Brt al fianco di Medici Senza Frontiere nella regione di Afar (Etiopia)

Con le cliniche mobili si raggiungono comunità che sarebbero senza cure

Intervento di Medici Senza Frontiere in uno dei villaggi più lontani

BOLOGNA. Collaborando con Medici Senza Frontiere (Msf) a sostegno del progetto di cliniche mobili nella regione di Afar, in Etiopia, Brt rafforza il proprio impegno nella responsabilità sociale d’impresa.
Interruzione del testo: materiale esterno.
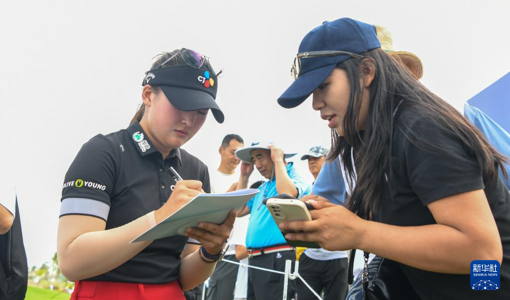 3月9日,中国选手李淑瑛(左)在比赛结束后为观众签名。最终,她以282杆、低于标准杆6杆的总成绩获得并列第五名。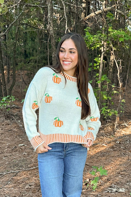 PUMPKIN EMBROIDERED STRIPE SWEATER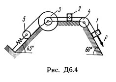 Механическая система состоит из грузов 1 и 2, ступенчатого шкива 3 с радиусами ступеней R3 = 0,3 м, r3 = 0,1 м и радиусом инерции относительно оси вращения ρ3 = 0,2 м, блока 4 радиуса R4 = 0,2 м и катка (или подвижного блока) 5 (рис. Д6.0 - Д6.9, табл. Д6); тело 5 считать сплошным однородным цилиндром, а массу блока 4 - равномерно распределенной по ободу. Коэффициент трения грузов о плоскость f = 0,1. Тела системы соединены друг с другом нитями, перекинутыми через блоки и намотанными на шкив 3 (или на шкив и каток); участки нитей параллельны соответствующим плоскостям. К одному из тел прикреплена пружина с коэффициентом жесткости c.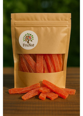 Папайя червона — яскравий тропічний сухофрукт із насиченим кольором і приємним солодким смаком. Виготовлена зі стиглих плодів, вона зберігає свій аромат, м’якість та легку фруктову кислинку. Ідеально підходить для перекусів, додавання у мюслі, гранолу, йогурти або горіхово-фруктові мікси. Опис: Папайя червона — солодкий тропічний акцент у твоєму дні! Яскрава, ароматна й натуральна — насолода, яка заряджає гарним настроєм, Корисні властивості: • Джерело вітамінів A і C — підтримує імунітет і здоров’я шкіри • Містить ферменти, що покращують травлення • Має антиоксидантні властивості • Підтримує енергетичний баланс організму, Поживна цінність (на 100г): Калорійність — 320 ккал Білки — 0,5 г Жири — 0,1 г Вуглеводи — 80 г, Зберігання: Зберігати у прохолодному, сухому місці при температурі до +20 °C, у щільно закритій упаковці, подалі від вологи та сонячного світла.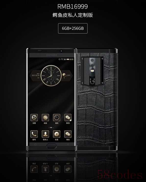 金立手机精心打造的M2017定制版,价格高到了17000元,机身采用了鳄鱼皮。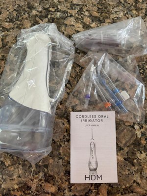 HOM Dental Cordless Oral Irrigator and Water Flosser - Teeth Cleaning Kit - With Four Dental Tips and 10 Ounce Tank (White)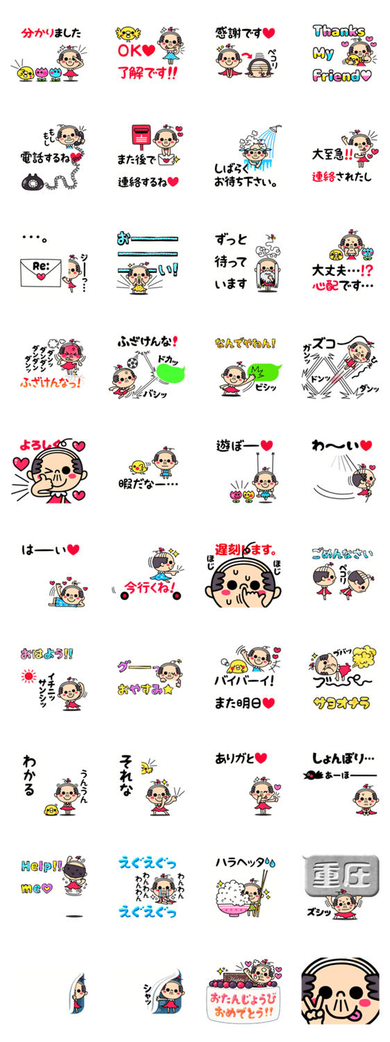 白い吹き出しに小さい乙女おやじを合わせました。日常の中で使いやすい文言となっております。ハゲおとめスタンプ第6弾!!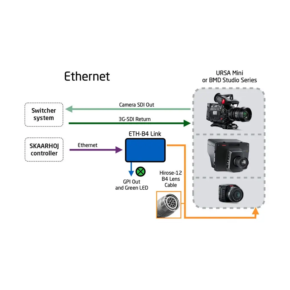 SKAARHOJ ETH-B4 Link, belirli Blackmagic kameralarla Blackmagic UDP Camera Control protokolü üzerinden uyumludur ve ağ üzerinden veri girişini destekler. Ünite, iris kontrol verilerini kamera kontrol verilerinden ayrı olarak Ethernet üzerinden gönderir, böylece hassas ve kesintisiz kontrol sağlar.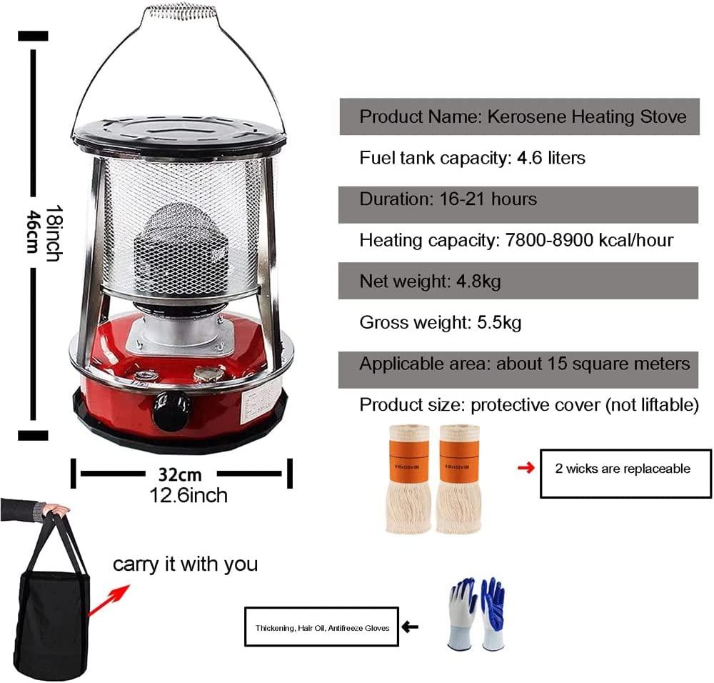 - ▲ Size: 32x32x46cm Fuel: Kerosene Fuel tank capacity: 4.5L. Fuel time: 16-21 hours (excluding kerosene fuel).
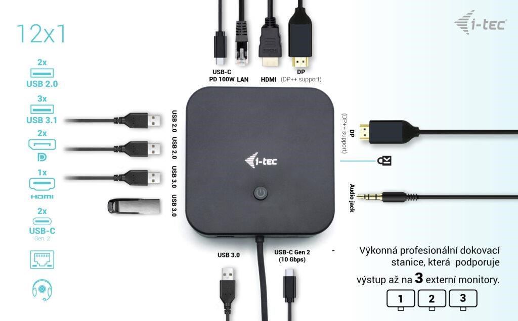 Poznámka: 100W napájací zdroj je súčasťou balenia. Dokovaciu stanicu je možné použiť aj s napájacím zdrojom USB-C dodávaným s vaším notebookom, takže si ju môžete kúpiť samostatne bez napájacieho adaptéra, pod kódom C31TRIPLE4KDOCKPDPRO.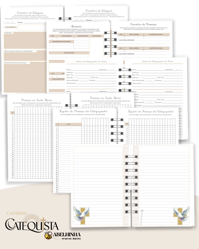 Páginas de organização — cronograma da catequese, reuniões, formações, planejamentos e anotações inspiradoras.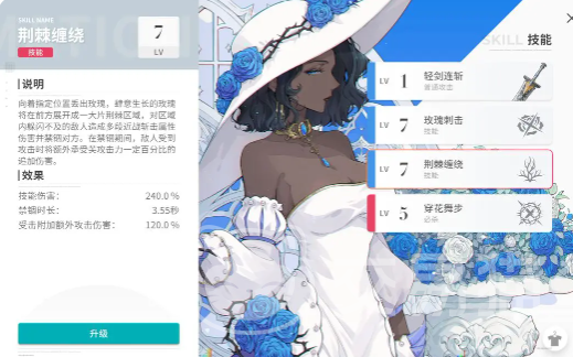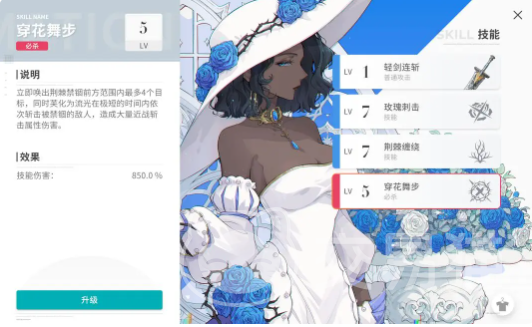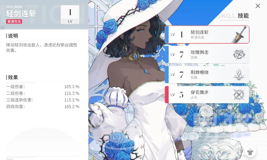 E技能:有两段伤害可以选择同时触发。技能倍率是比较高的,基本上不容易被闪避打断。在前摇时还会召唤一朵玫瑰花。

Stiamo parlando del principale operatore del trasporto espresso (dal 2017 entrato in Geopost) presente nel nostro Paese, che può contare su una rete capillare costituita sul territorio italiano da oltre 200 filiali, 40 “hub parcel”, 13 poli di messaggerie, 10 impianti di logistica, oltre 11.700 punti di ritiro e spedizione Brt-fermopoint.
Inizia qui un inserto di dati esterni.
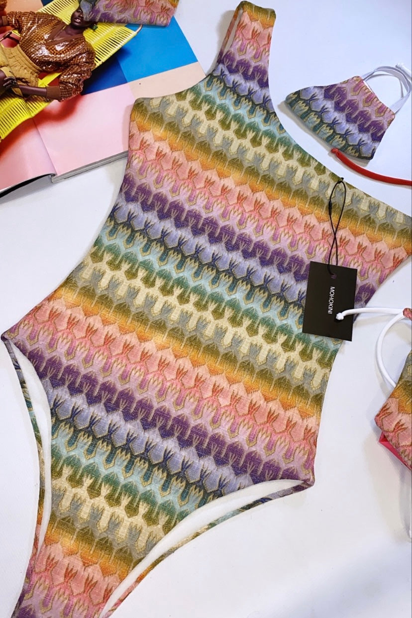 One shoulder swimsuit ARIA in our LIGHT MAMBO PRINT, beautiful knit fabric. (Please note: Face Mask needs to be ordered separately) - Hand wash - Fits true to size. comment the colour you would like in the checkout notes if different to main photo. Add your measurements, height and sizing notes to help achieve the perfect fit xx See our size guide for help. All prices include VAT at 20%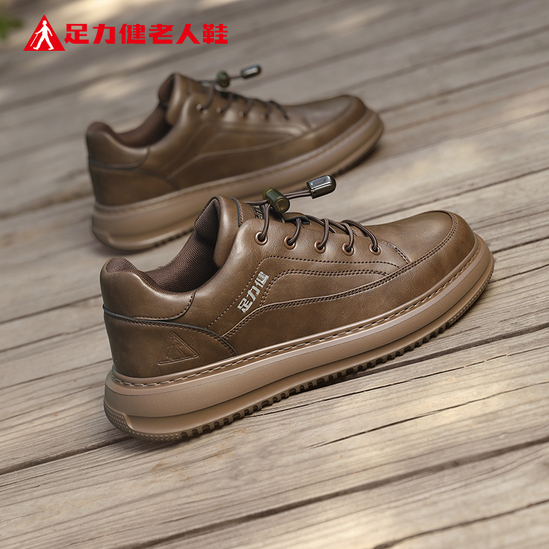 皮面休闲健步软底不累脚男鞋 足力健老人鞋 官方旗舰店中年爸爸秋季
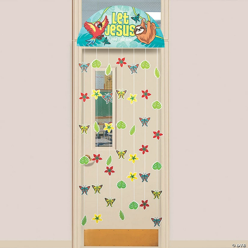 No matter what door you walk through, let Jesus lead the way! Perfect for Rainforest VBS, this door decoration takes advantage of open space to help transform your VBS area into a happy rainforest scene. The faith-filled message of the door border makes it an appropriate Sunday School decoration too! Cardstock. 3 ft. x 81″ ยฉ OTC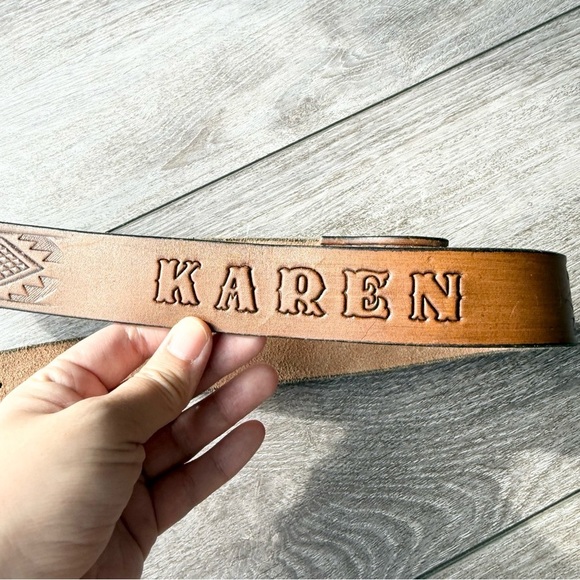This vintage Karen Brown leather belt strap features intricate hand-tooled eagle designs, showcasing expert craftsmanship and classic Western style. Durable and unique, it's perfect for adding a bold statement to any outfit.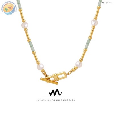 东陵石淡水珍珠OT扣设计项链法式ins首饰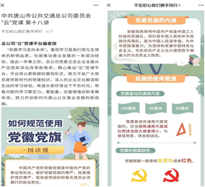 另外,總公司黨委還組織領(lǐng)導(dǎo)班子成員對《中國共產(chǎn)黨黨徽黨旗條例》內(nèi)容進行了學(xué)習(xí),并將如何規(guī)范使用黨旗黨徽的規(guī)定內(nèi)容制作成“云黨課”,下發(fā)各基層黨組織及黨員干部進行學(xué)習(xí)。

L’iniziativa solidaristica afferma una visione che fa della logistica non solo una leva economica bensì una «infrastruttura essenziale per garantire accesso, continuità e resilienza anche in contesti ad alta complessità umanitaria».

Intervento di Medici Senza Frontiere per curare un bambino piccolo

Il contributo di Brt – viene fatto rilevare – è finalizzato al rafforzamento della logistica sanitaria delle cliniche mobili di Msf, unità progettate per operare in aree caratterizzate da marginalità geografica, fragilità infrastrutturale e accesso estremamente limitato ai servizi di base». Grazie all’impiego di mezzi e soluzioni operative flessibili, con le cliniche mobili si raggiungono «comunità altrimenti escluse dall’assistenza sanitaria primaria, in particolare nei programmi di prevenzione, assistenza materno-infantile e cura delle patologie più diffuse».
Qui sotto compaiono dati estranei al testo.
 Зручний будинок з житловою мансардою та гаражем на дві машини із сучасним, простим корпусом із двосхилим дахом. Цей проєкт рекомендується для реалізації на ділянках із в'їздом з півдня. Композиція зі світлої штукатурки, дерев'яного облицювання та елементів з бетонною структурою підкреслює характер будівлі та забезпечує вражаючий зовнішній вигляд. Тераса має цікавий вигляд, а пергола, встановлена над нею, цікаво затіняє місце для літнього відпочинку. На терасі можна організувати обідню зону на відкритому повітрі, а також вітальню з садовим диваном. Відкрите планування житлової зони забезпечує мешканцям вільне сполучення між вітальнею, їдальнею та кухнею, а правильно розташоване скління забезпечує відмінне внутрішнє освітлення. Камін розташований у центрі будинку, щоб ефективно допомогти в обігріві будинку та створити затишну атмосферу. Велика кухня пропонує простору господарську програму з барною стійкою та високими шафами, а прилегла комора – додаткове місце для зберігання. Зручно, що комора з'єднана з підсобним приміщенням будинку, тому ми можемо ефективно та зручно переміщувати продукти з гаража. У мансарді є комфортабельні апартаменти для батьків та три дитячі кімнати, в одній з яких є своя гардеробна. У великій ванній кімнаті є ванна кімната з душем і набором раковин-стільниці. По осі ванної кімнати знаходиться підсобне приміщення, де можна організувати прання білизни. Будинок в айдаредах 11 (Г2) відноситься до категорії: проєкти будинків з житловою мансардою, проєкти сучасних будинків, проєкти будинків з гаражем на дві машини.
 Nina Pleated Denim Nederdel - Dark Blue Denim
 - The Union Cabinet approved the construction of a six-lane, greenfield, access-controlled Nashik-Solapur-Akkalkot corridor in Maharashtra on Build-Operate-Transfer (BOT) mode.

Presentando l’iniziativa, viene spiegato che la regione di Afar rappresenta «uno dei contesti più complessi del Corno d’Africa»: sotto il segno di un mix fra «crisi climatiche, insicurezza alimentare e instabilità socio‑economica». In queste condizioni – viene ribadito – la capacità di portare servizi sanitari direttamente sul territorio diventa «un fattore determinante per la continuità delle cure e la tutela della salute pubblica». Basti dire che i dati di Msf  indicano che i tassi di malnutrizione acuta tra i bambini sotto i cinque anni sono a «livelli critici (26%)» e l’accesso alle strutture sanitarie rimane «fortemente limitato».

La collaborazione tra Brt e Msf nasce anche da una consapevolezza: «L’efficacia di un intervento umanitario dipende anche dalla solidità delle infrastrutture logistiche che lo rendono possibile», viene sottolineato e il supporto di Brt serve a garantire «operatività, tempestività e continuità agli interventi sanitari nelle aree più difficili da raggiungere».

Eleonora Sales, manager di Brt settore comuncazione

Queste le parole di Eleonora Sales, manager di Brt: «Operare ogni giorno al centro dei flussi logistici ci insegna che la distanza non è solo una variabile geografica, ma una condizione che può determinare inclusione o esclusione». Aggiungendo poi: «Il sostegno alle cliniche mobili di Medici Senza Frontiere riflette una visione comune della logistica come infrastruttura essenziale, capace di collegare risorse e bisogni e di rendere concreto l’accesso alle cure in contesti dove questo diritto non può essere dato per scontato».

Così il commento di Laura Perrotta, direttrice del settore fundraising di Medici Senza Frontiere Italia: «Le cliniche mobili sono uno strumento essenziale per raggiungere popolazioni che vivono al di fuori dei sistemi sanitari tradizionali. Collaborazioni come quella con Brt contribuiscono a garantire continuità operativa e a rendere sostenibili, nel tempo, interventi sanitari in contesti estremamente complessi».